#### Excerpted data

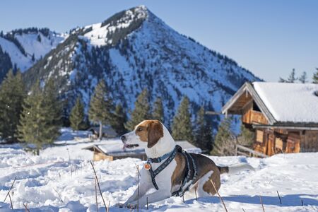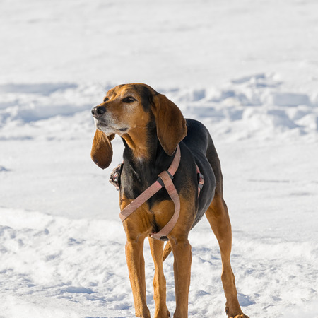 Small cute harrier puppy sitting outdoors on snow in Swedish nature and winter landscape. Nice beautiful portrait of young little dog. Joyful and happy image.
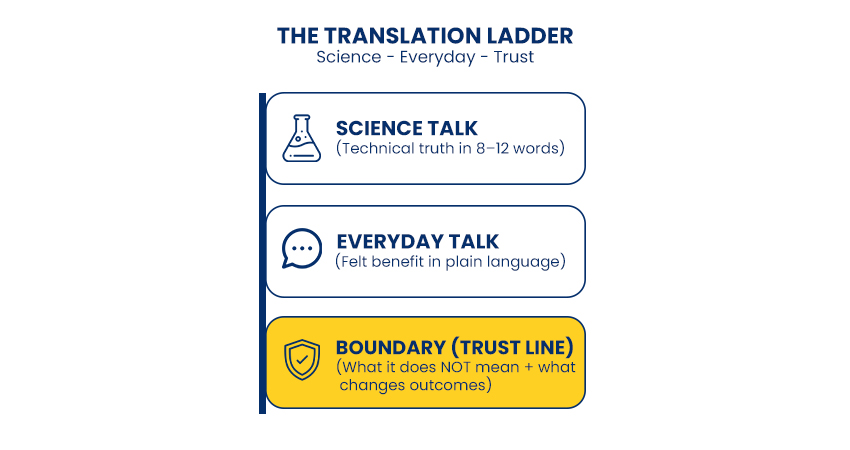 In laboratory settings, truth is conditional and such nuance is standard; statements specify conditions, timelines, test contexts, and acknowledge variability. In contrast, consumers interpret claims as definitive verdicts, reflecting the nature of commercial language. This disconnect often traps founders, who adopt scientific terminology to appear credible but fail to translate boundaries into accessible, relatable language.
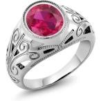 【並行輸入品】[Gem Stone King] 6.40カラット シンセティック ルビー 指輪 リング メンズ シルバー925 7月 誕生石
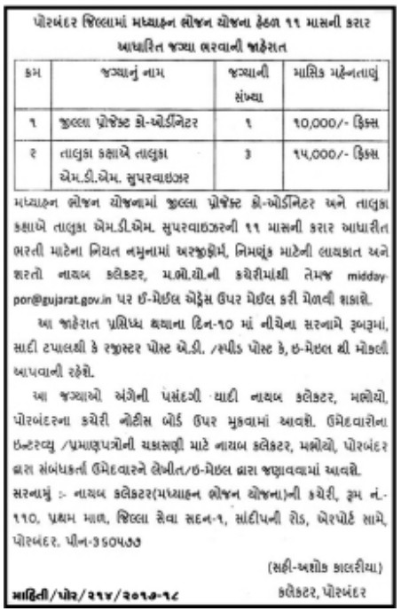 Mid Day Meal Project (Madhyahan Bhojan) Porbandar Recruitment for Coordinator and Supervisor Posts 2018
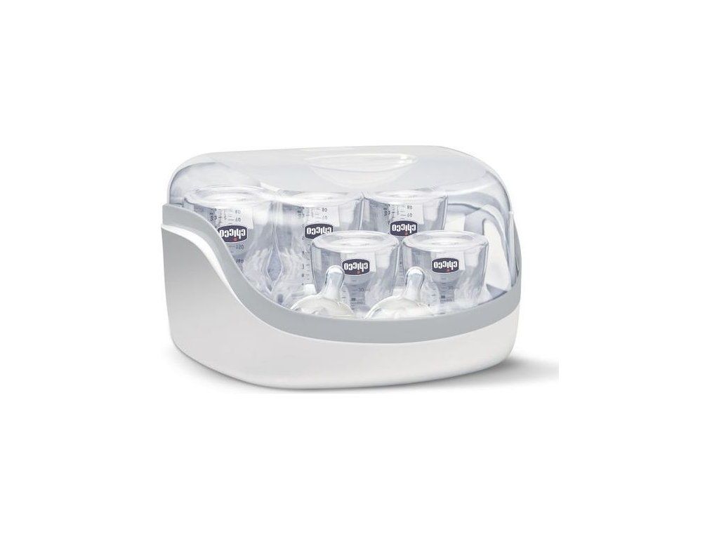 spĺňa potreby matky a dieťaťa. Sterilizátor do mikrovlnnej rúry je ľahko použiteľný prístroj, ktorý zabezpečuje bezpečnú a rýchlu dezinfekciu detských doplnkov. Mikrovlnný sterilizátor Chicco umožňuje sterilizovať fľaše, cumlíky a ďalšie príslušenstvo, ktoré chcete mať dokonale hygienické.
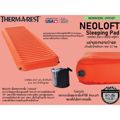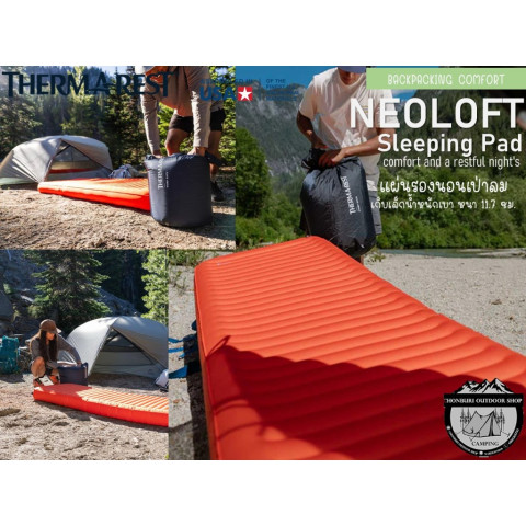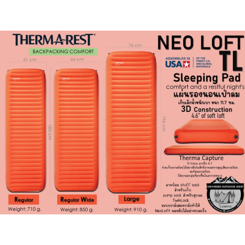 Thermarest NeoLoft TL Sleeping Pad 3D แผ่นรองนอนเป่าลมรุ่นท็อปที่ผสานความเบาแบบสายแบกเป้เข้ากับความสบายแบบที่นอนในแคมป์รถยนต์อย่างลงตัว มอบความหนานุ่มสูงถึง 11.7 ซม. รองรับสรีระเต็มแผ่น หลับสบายเหมือนนอนอยู่บนเตียงจริง แม้ในคืนที่อุณหภูมิลดต่ำก็อุ่นได้สบายด้วยค่า R-Value 4.7
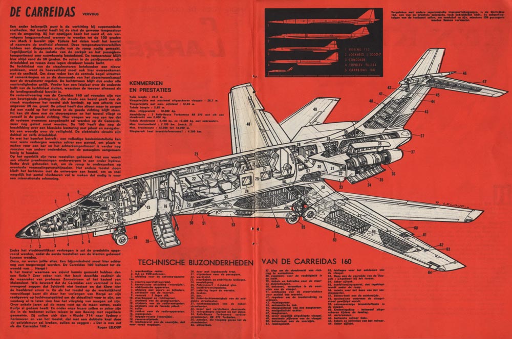Leloup's cross-sectional view of the Carreidas jet, published in Tintin/Kuifje #50 (13 December 1966).
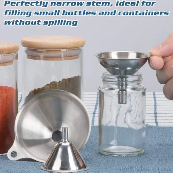 Tre olika storlekar: För att passa olika behållare kommer trattarna i tre olika storlekar. De har smala stammar för enkel överföring.
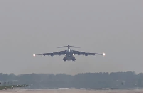 中国空军1架运-20B军用大型运输机4月20日下午从华中某机场起飞,执行赴韩国接迎第十三批在韩志愿军烈士遗骸回国任务。

########

◆ **Problem description**
Give back exactly the lines from the top of the records to the line containing "Mid Day Meal", both included, and no pictures.

◆ **Exercise response**
 Small cute harrier puppy sitting outdoors on snow in Swedish nature and winter landscape. Nice beautiful portrait of young little dog. Joyful and happy image.
 In laboratory settings, truth is conditional and such nuance is standard; statements specify conditions, timelines, test contexts, and acknowledge variability. In contrast, consumers interpret claims as definitive verdicts, reflecting the nature of commercial language. This disconnect often traps founders, who adopt scientific terminology to appear credible but fail to translate boundaries into accessible, relatable language.
 【並行輸入品】[Gem Stone King] 6.40カラット シンセティック ルビー 指輪 リング メンズ シルバー925 7月 誕生石
 Mid Day Meal Project (Madhyahan Bhojan) Porbandar Recruitment for Coordinator and Supervisor Posts 2018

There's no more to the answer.